Research

Debris disks are the rocky and icy leftovers of planet formation found around newly born stars and planetary systems, analgous to our Solar System's Asteroid and Kuiper Belts. The light we see from our telescopes come from scattering of starlight by small dust particles created from frequent collisions between planetesimals. We can learn a lot about the history of young planetary systems by studying debris disks.

Temporal Imaging of the Beta Pic Debris Disk with HST/STIS

The debris disk around Beta Pictoris is one of the brightest debris disks in our galactic neighborhood. Beta Pictoris is a 1.8 solar mass star, with two super-Jupiter exoplanets (at ~3 and ~10 au) and is 20 Myr old.

Using four epochs of data (from 1997-2023) from the Hubble Space Telescope's Space Telescope Imaging Spectrograph (HST/STIS), I investigated if we can see changing features in the inner disk due to the influence of the outer super-Jupiter, Beta Pic b.
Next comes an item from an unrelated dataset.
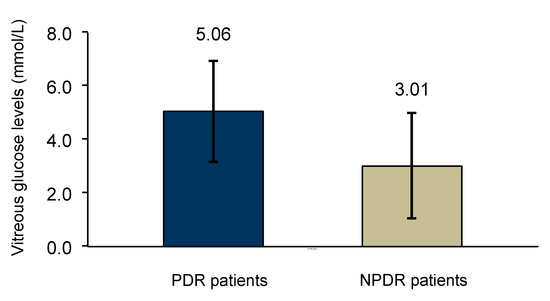 In this analysis, patients with PDR showed to have statistically higher values of glucose in vitreous when compared to NPDR group of patients (5.06 ± 1.89 mmol/L vs. 3.01 ± 1.98 mmol/L; p = 0.032) (Figure 4).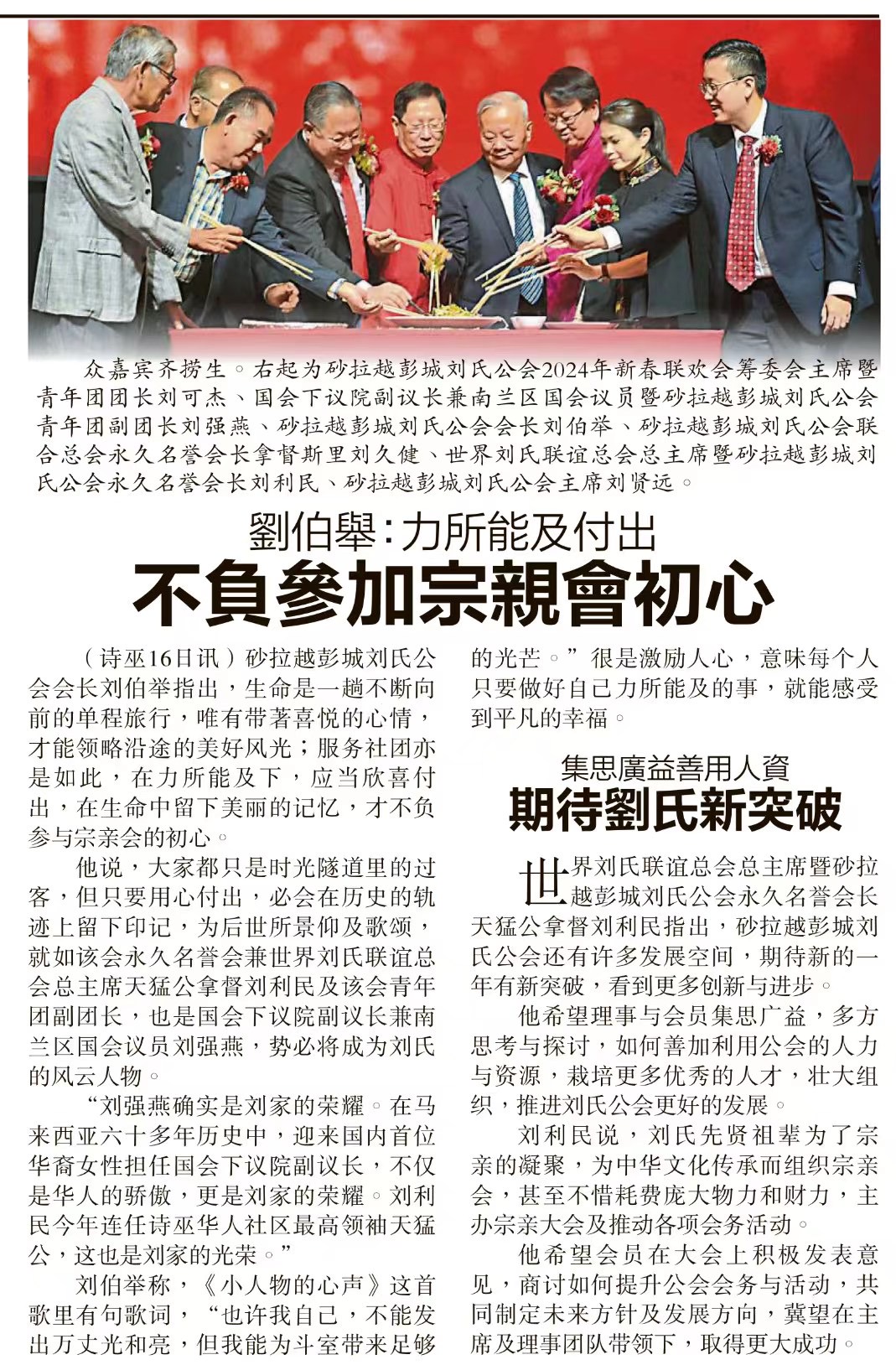 “我相信刘氏宗亲们能秉持这份对公会的爱与热枕,展望新的一年,齐心协力、团结一致,齐开拓创新,继续宣扬刘氏一家亲的精神。

I also search for signs of planetesimals in the disk and created my own planetesimal collision model to understand our sensitivity to different progenitor masses.

See Avsar et al. (2024), in prep.

New HST/STIS detections of outer structure for seven young planetary systems

I was introduced to debris disk science while working on analyzing seven newly imaged debris disks with HST/STIS as an undergraduate at UC Berkeley.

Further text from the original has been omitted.